With the resting of the Government’s case a dead silence fell upon the room.

The Judge waited a few moments, the tap of his lead-pencil sounding through the stillness, and then asked if the attorney for the defence was ready.

No one answered. Again the Judge put the question, this time with some impatience.

Then he addressed the prisoner.

“Is your lawyer present?”

Bud bent forward in his chair, put his hands on his knees, and answered slowly, without a tremor in his voice:

“I ain’t got none. One come yisterday to the jail, but he didn’t like what I tol’ him and he ain’t showed up since.”

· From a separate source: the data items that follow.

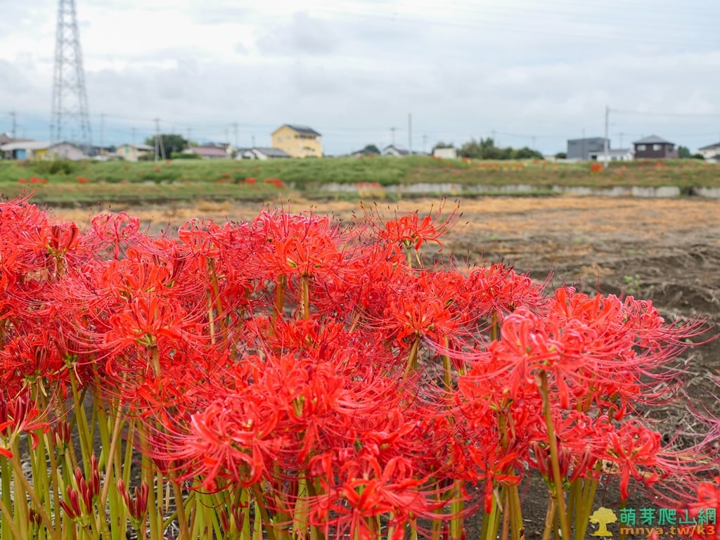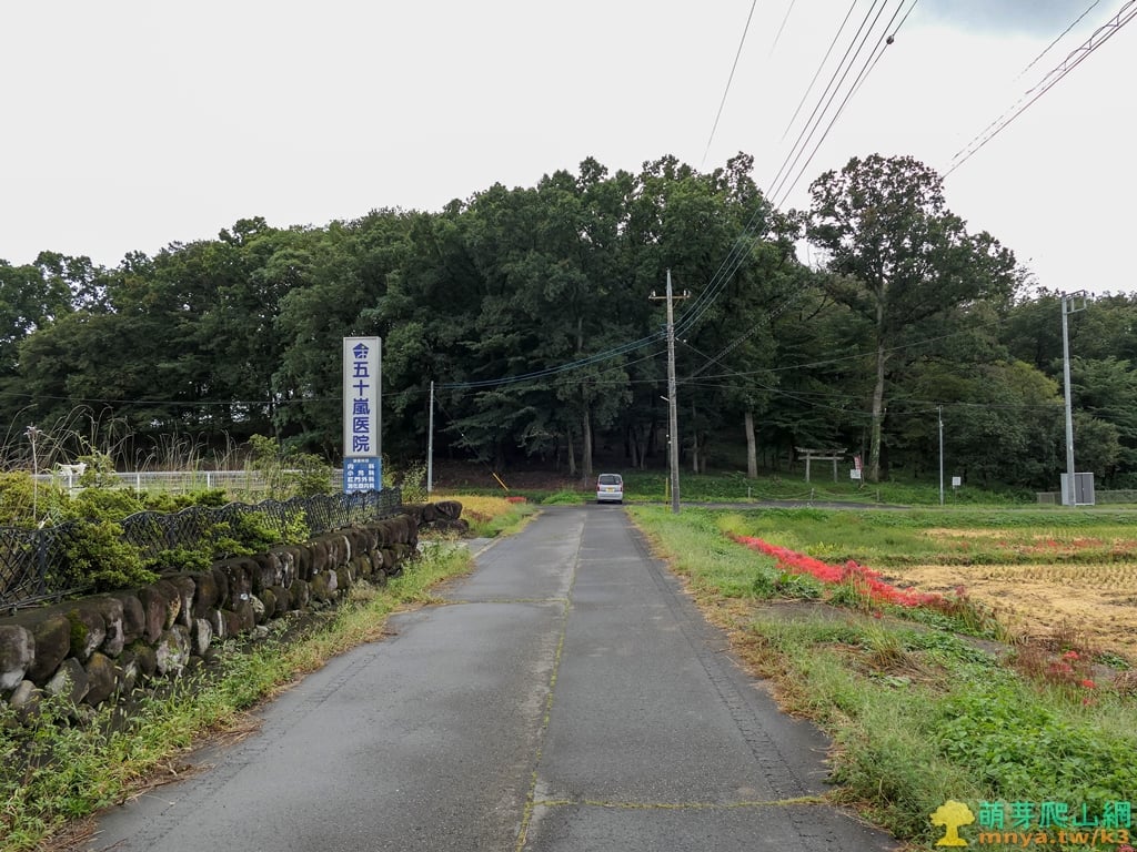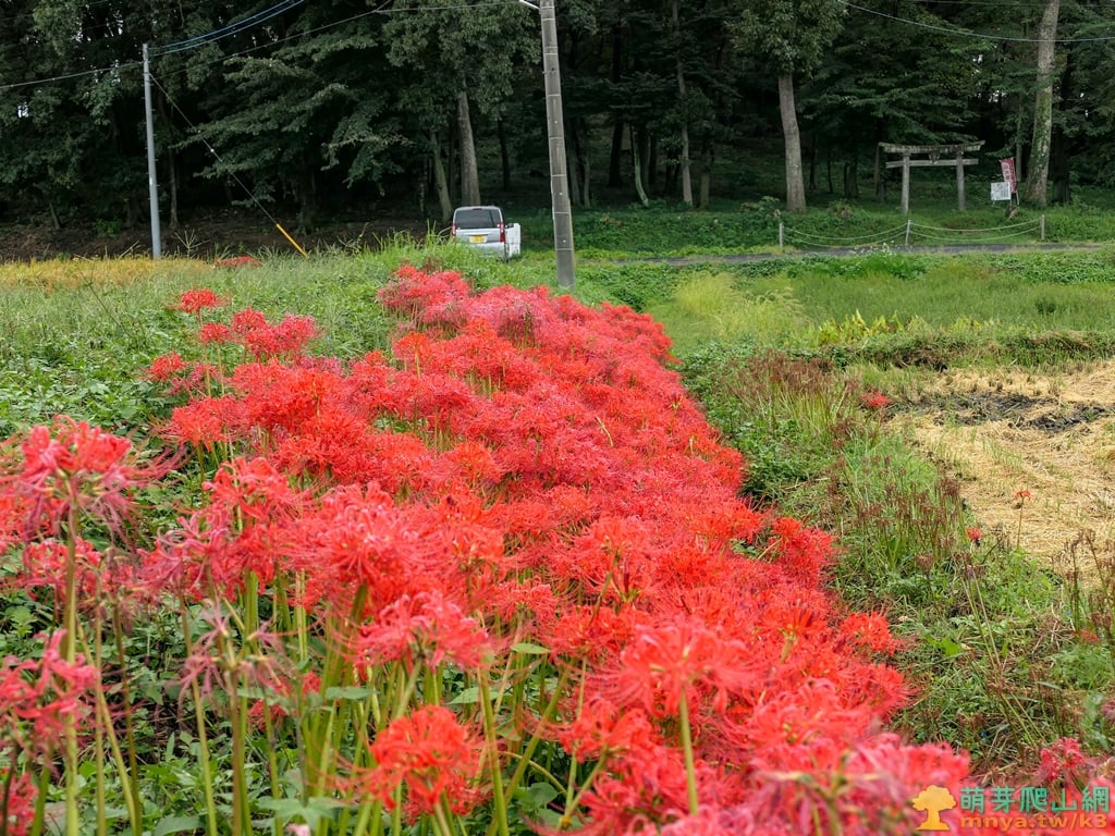 ▲從群馬県道101号(四ツ塚原之郷前橋線)轉入田間小路,過五十嵐醫院正前方T字路口空地停車,道路的正前方就是九十九山,路邊的田野間長滿了紅花石蒜(彼岸花)。
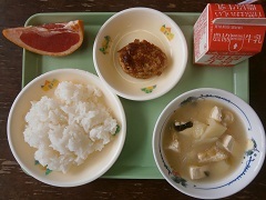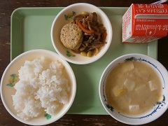 2017年10月2日 12時15分ごはん、牛乳、やさいいりとりつくね、こんにゃくのきんぴら、ご汁 です。
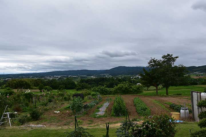 直立して撮ると、丁度目線に物干し竿が来て、山の境を隠してしまうので大股開きスクワットで腰を落として撮ったら、何だか画像がかしがってしまいました。(^^;;;
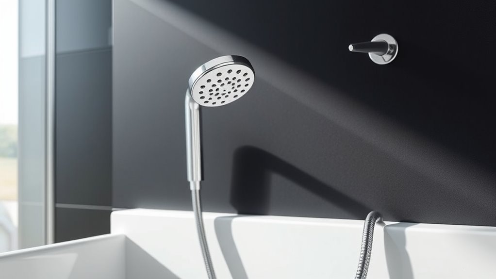 The variety of spray modes available on handheld shower heads substantially impacts your overall shower experience. With options like rain, massage, mist, jet, and water-saving pause, you can customize your shower to suit your mood or needs. Multiple spray modes enhance comfort and relaxation, whether you want a gentle mist or a powerful rinse. Some models even offer up to 10 different patterns, making them versatile for cleaning, pet bathing, or everyday showering. Switching modes is usually simple, often through rotating handles or push buttons, which makes adjusting effortless. Having multiple spray options means you can tailor your water flow for maximum comfort, efficiency, or cleaning power. This versatility allows you to create a personalized, enjoyable, and functional showering experience every time.
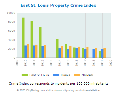 East St. Louis crime statistics report an overall downward trend in crime based on data from 9 years with violent crime decreasing and property crime decreasing. Based on this trend, the crime rate in East St. Louis for 2025 is expected to be lower than in 2019.
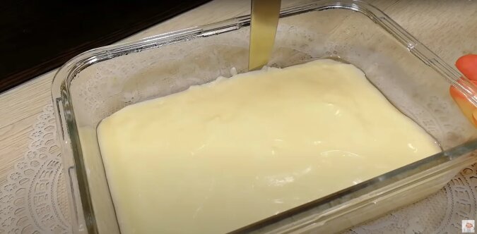 Po upływie 2 godzin wyjmij krem i za pomocą noża przetnij wzdłuż krawędzi, aby można było łatwo przełożyć go na deskę.
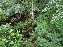Fauntleroy Creek is a stream in the Fauntleroy neighborhood of West Seattle, Washington, United States. It flows for about a mile from its headwaters in the 32-acre (129,000 m²) ravine of Fauntleroy Park to its outlet just south of the state ferry terminal on Puget Sound's Fauntleroy Cove, dropping 300 feet (100 m) vertically along the way. It currently supports cutthroat trout and coho salmon.
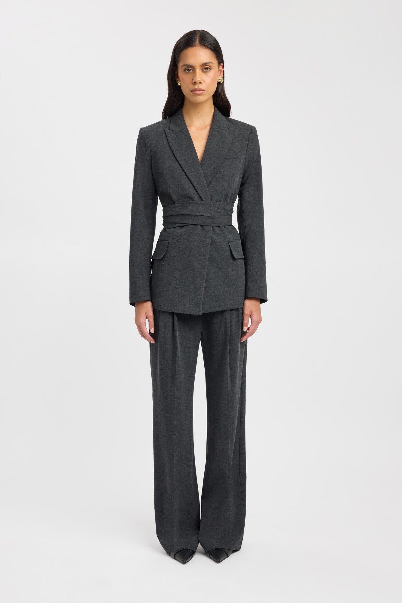 Elevate your wardrobe with our Dallas Pleated Pant. Crafted from our structured Dallas fabrication in a versatile dark grey, these wide-leg trousers offer a flattering mid-rise silhouette. The refined pleating detail creates an elegant drape that transitions effortlessly from professional settings to evening occasions.
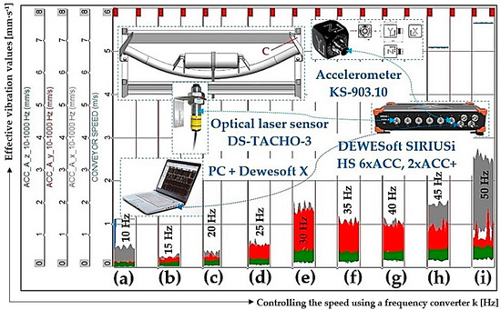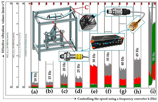 Table 5 shows the effective vibration values *RMS(k) [mm·s−1] that have been detected by a vibration sensor fixed in place j = A (see Figure 4c), by measuring apparatus SIRIUSi-HS in individual coordinate axes (* = x, or y, or z), see Figure 4a, on the cross bar of the firm conveyor idler, for variant—plastic support, when controlling the speed of the electric motor by a frequency converter in the range of k = 10–50 Hz.
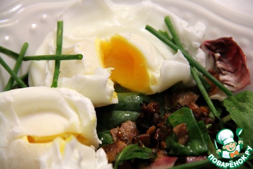 На порционную тарелку кладем салат и сверху яйцо пашот.
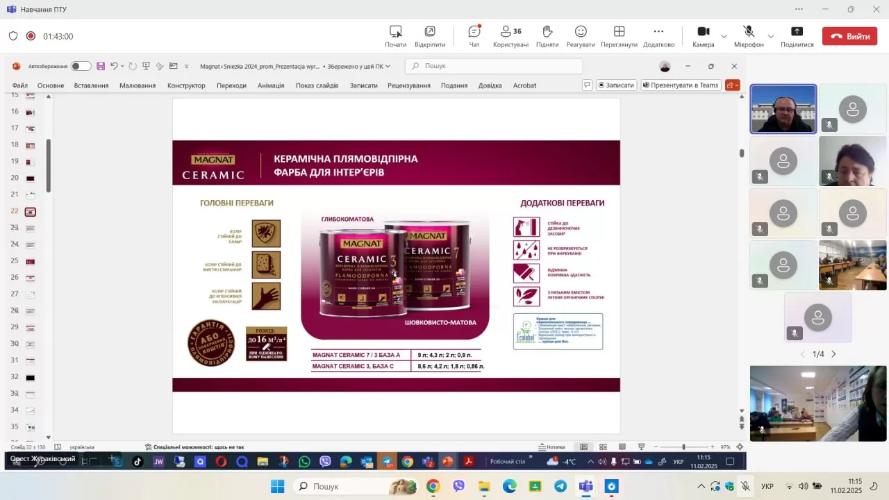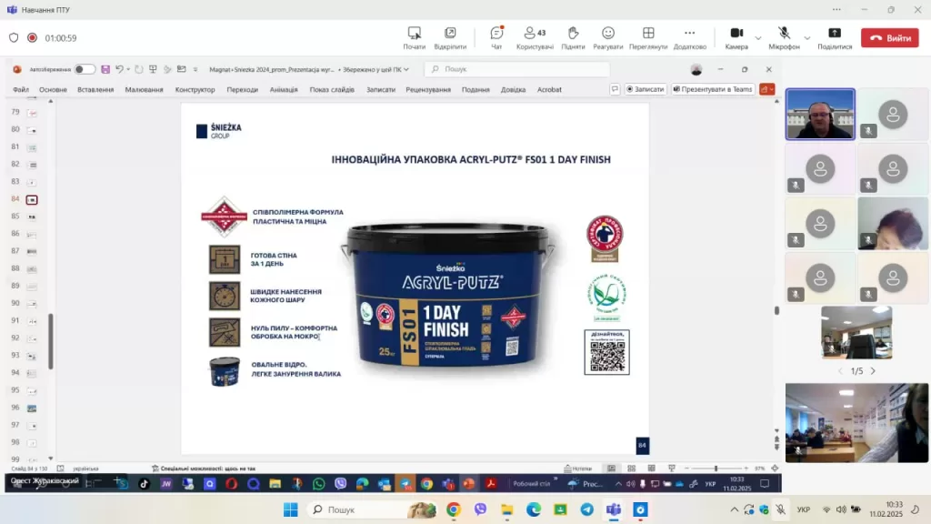 11 лютого 2025 року в училищі відбувся онлайн освітній тренінг «Вивчення нових виробів TM Sniezka та TM MAGNAT», який провів тренер ТзОВ «СНЄЖКА-УКРАЇНА» Орест Жураківський.
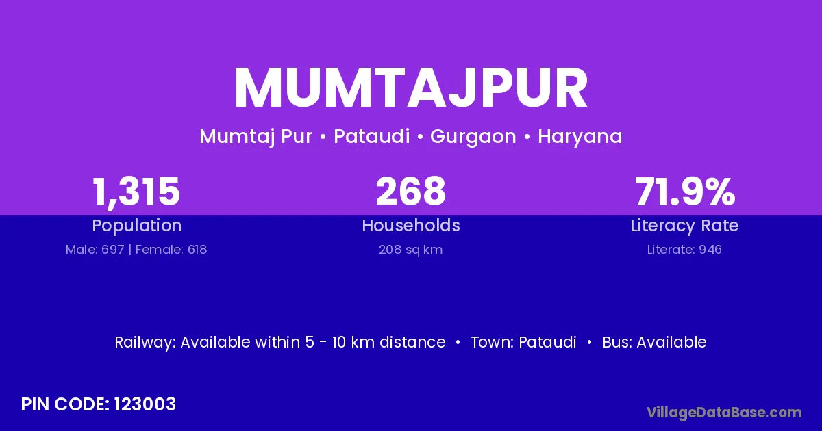Pataudi is the nearest town to Mumtajpur village for major economic activities
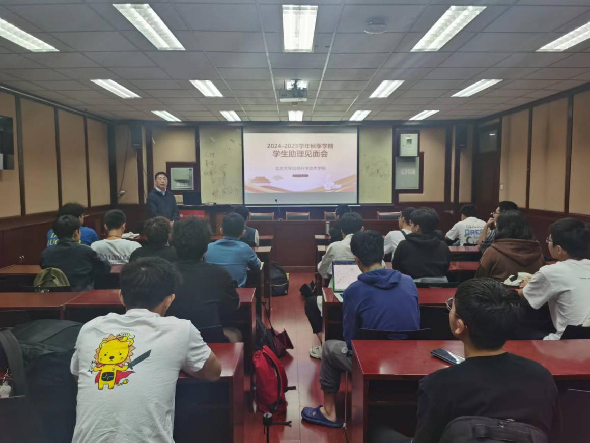 (本科生学院)在理科一号楼1131会议室召开2024-2025学年秋季学期学生助理见面暨培训大会。学院党委副书记贾方健、学工办主任李子奇、学工办干部付晓倩和本学期的学生助理们参加了面谈。

A spectator sitting by the door, between an old man and a young girl, both evidently from the mountains, rose to his feet and walked briskly to the open space before the Judge. He had sharp, restless eyes, wore gloves, and carried a silk hat in one hand.

“In the absence of the prisoner’s counsel, your Honor,” he said, “I am willing to go on with this case. I was here when it opened and have heard all the testimony. I have also conferred with some of the witnesses for the defence.”

“Did I not appoint counsel in this case yesterday?” said the Judge, turning to the clerk.

There was a hurried conference between the two, the Judge listening wearily, cupping his ear with his hand and the clerk rising on his toes so that he could reach his Honor’s hearing the easier.

“It seems,” said the Judge, resuming his position, and addressing the room at large, “that the counsel already appointed has been called out of town on urgent business. If the prisoner has no objection, and if you, sir–” looking straight at the would-be attorney–“have heard all the testimony so far offered, the Court sees no objection to your acting in his place.”